User will be interacting with the GenAI through the application layer that handles the communication between the user and the GenAI model. To ensure that the application can effectively interpret and execute the actions generated by the GenAI, we must define a clear schema for available actions and their required parameters. With the help of Structured Model Output from OpenAI, we can keep the responses well-structured and easy to parse.

Action schema definition

To address the problem statement, we defined the following action schema for the GenAI agent:

interface UpsertProductAction {
  action: "upsert";
  refId: string;
  productGroup: string;
  brand: string;
  price: number;
  currency: string;
}

We will allow the GenAI to generate refId for new products. When there is a follow-up interaction, the GenAI can reference the refId to update the existing product information. This also means that the GenAI needs to be aware of the existing products in the database to avoid creating duplicates. To facilitate this, we can provide a summary of existing products in the prompt context.

However, this will result in longer prompt lengths, which may exceed the context window of the GenAI model. To mitigate this, we can implement a strategy to summarize or truncate the existing product information based on relevance to the current interaction.
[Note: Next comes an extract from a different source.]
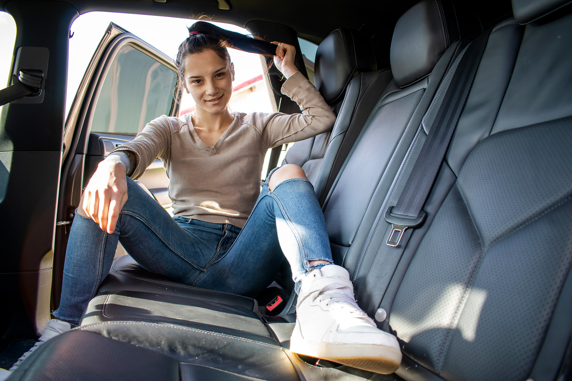 Zoe Foxxy - Brunette teen backseat fucking
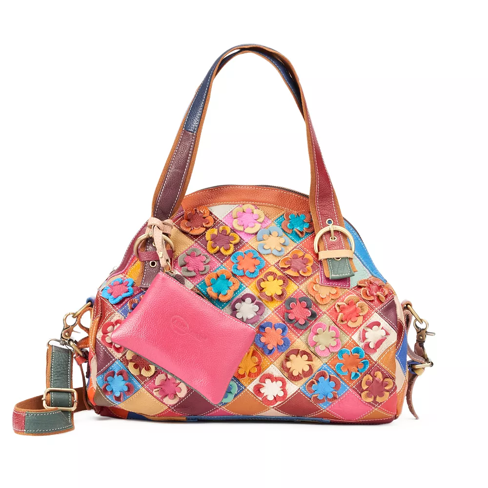 This genuine leather satchel from AmeriLeather features a colorful floral design on one side and a classic striped design on the other.

We introduce excludeMessages action to help the GenAI keep track of which messages have already been processed and can be excluded from future prompts. This helps in managing the context length effectively.

interface ExcludeMessagesAction {
  action: "excludeMessages";
  transcriptionIds: string[];
}

Additionally, we define a FollowUpAction to handle scenarios where the GenAI needs to ask clarifying questions to gather more information from the user.

interface FollowUpAction {
  action: "followUp";
  message: string;
}

To maintain context about the current state of the interaction, we introduce a SetMemoryAction that allows the GenAI to store relevant information that is also included in the prompt context.

interface SetMemoryAction {
  action: "setMemory";
  memory: string
}

Outcomes

The initial prototype was configured to collect basic product information such as product group name, brand, price, and product features. Upon demonstration, it successfully collects product information through conversational interactions with appropriate follow ups and upserts to the database. Additionally, because the LLMs are trained in multiple languages, the agent was able to understand and respond in different languages, making it versatile for diverse user bases.

The OpenAI API responses return usage metrics that help us monitor the token consumption for both prompt and completion. This is crucial for optimizing costs and ensuring that the application remains efficient. Based on the initial tests, after collecting about 10 different products, the average token usage per interaction was around 3000 tokens per prompt. As a result, we easily hit the API call limit within a very short period of time, and this can block the intended user experience to enhance daily operations through GenAI.

Possible enhancements

To further improve the architecture and address its limitations, we can consider restructuring the user prompts into several tinier pipelines. For example, when we prompt the GenAI, we may first ask the GenAI which action can be performed based on the user input. Once we have the action, we can then prompt the GenAI again to fill in the parameters for that specific action. This approach may help reduce the overall context length and improve the accuracy of the generated actions, but it will definitely introduce additional latency due to multiple API calls.